10/03/2022
When speaking about their abusers, the majority of my clients experience ambivalence–having conflicting feelings. On one hand, their abuser was someone they trusted and may have even enjoyed (a sibling, doctor, babysitter, etc.). Through the process of grooming, abusers predate victims by engaging in meaningful conversations or pastimes. These relationships begin through a shared interest in life philosophies to make the victim feel “known.” This might look like bonding over games, spirituality, creativity, or professional goals. Abusers are masterful at using music, art, books, sports or peculiar pastimes to leverage the victim’s interest and participation. They want us to feel full of life as they plot to steal some of the most sacred dimensions of our life.

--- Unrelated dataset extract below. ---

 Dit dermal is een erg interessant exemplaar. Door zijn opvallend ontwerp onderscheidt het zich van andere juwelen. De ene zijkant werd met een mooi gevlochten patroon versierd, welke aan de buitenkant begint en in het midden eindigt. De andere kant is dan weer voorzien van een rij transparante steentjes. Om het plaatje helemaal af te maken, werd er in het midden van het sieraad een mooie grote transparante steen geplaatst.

Acting as gatekeepers to God, beauty, and opportunity, abusers will awaken victims with profound “insights,” money, and valuable experiences of connection to maintain a power dynamic. When abusers are in the grooming process, they annul a victim’s ability to say no by overwhelming them with as many positive experiences as they can arrange. This positive reinforcement floods the brain with feel-good chemicals, creating a sense of trust (attachment) between the abuser and the victim. For this reason, many people feel complicit within their own abuse. They might say, “If I had never trusted this person or felt so full of life around them, I wouldn’t have experienced all of this.”
One important step you can take towards healing is to name not only the abuse, but also the places you felt connection and even excitement with your abuser. This is the razor’s edge of recovery: To condemn the horrors of abuse while also blessing and protecting the parts of our desire that longed for connection.